OBJECTIVE: This investigation compared the efficacy of the monoamine
oxidase inhibitor (MAOI) tranylcypromine with that of the tricyclic
imipramine in the treatment of anergic bipolar depressive illness. METHOD:
A controlled, double-blind comparison was used to study 56 outpatients who
met operationalized criteria for anergic bipolar depression. Patients with
bipolar I and II depression were equally distributed between comparison
groups. Outcome was measured by the patient-rated Beck Depression Inventory
and the clinician-rated Hamilton Rating Scale for Depression, Raskin Mania
and Depression Scales, Clinical Global Impression Scale, and the Pittsburgh
Reversed Vegetative Symptom Scale. Twenty-eight patients were treated with
tranylcypromine and 28 with imipramine. Seventy-three percent of bipolar
depressive patients screened for the study met criteria for anergic
depression, consistent with previous findings from studies in bipolar
illness that stretch back over 100 years.
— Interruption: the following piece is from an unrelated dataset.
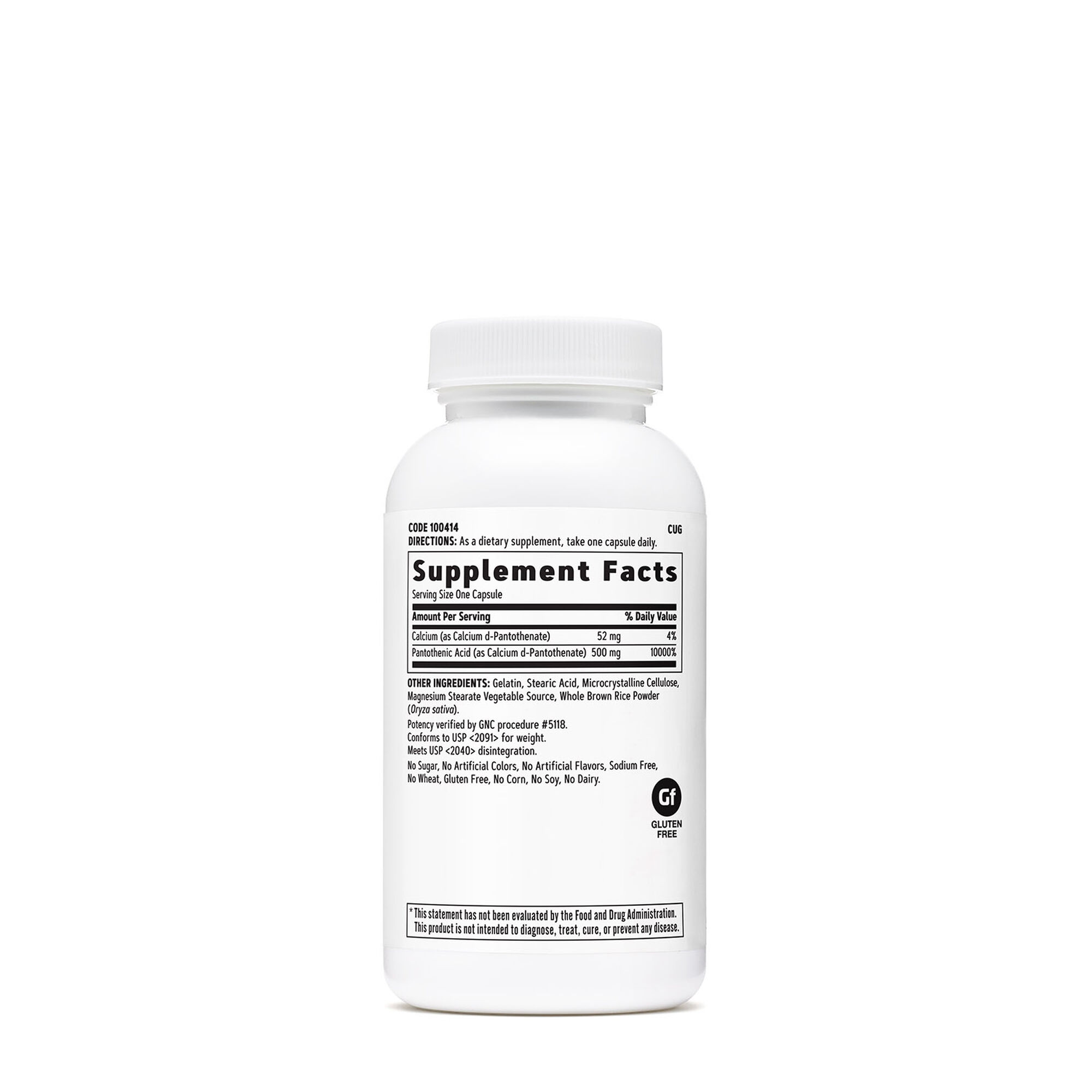 GNC Acid Pantotenic 500 mg Acidul Pantotenic mai este cunoscut si ca vitamina B-5, se gaseste intr-o varietate de alimente si joaca un rol important pentru metabolismul energetic. Toate vitaminele B convertesc alimentele pe care corpul le consuma in energie. Acidul pantotenic este un component al coenzimei A. Coenzima A este una din cele mai importante enzime care controleaza procesul metabolic, practic converteste nutrientii in energie. Coenzima A initiaza ciclul tricarboxilic, cunoscut sub denumirea ciclul Krebs. Acidul Pantotenic este necesar pentru metabolismul acizilor grasi. Beneficii : Necesar pentru metabolismul energetic; Este component al Coenzimei A; Ajuta la mentinerea unui nivel sanatos de acizi grasi; Formula concentrata cu 500 mg per portia de servire. *Produsul este un supliment alimentar si nu trebuie sa inlocuiasca o dieta variata si echilibrata si un stil de viata sanatos.

RESULTS: Tranylcypromine produced
statistically significant superior outcome in terms of lower attrition,
greater symptomatic improvement, and higher global response without
increased risk of treatment-emergent hypomania or mania. CONCLUSIONS: The
authors propose that the apparently superior efficacy of tranylcypromine in
bipolar depression is specifically linked to anergia and reversed
neurovegetative symptoms. Bipolar I and bipolar II patients had comparable
outcomes, but bipolar I patients had a significantly greater risk of
treatment-emergent mood swings. Although the relatively poor showing of
imipramine warrants close scrutiny, these findings provide further
documentation of the utility of MAOIs in patients presenting with anergia,
motor retardation, hyperphagia, and/or hypersomnia.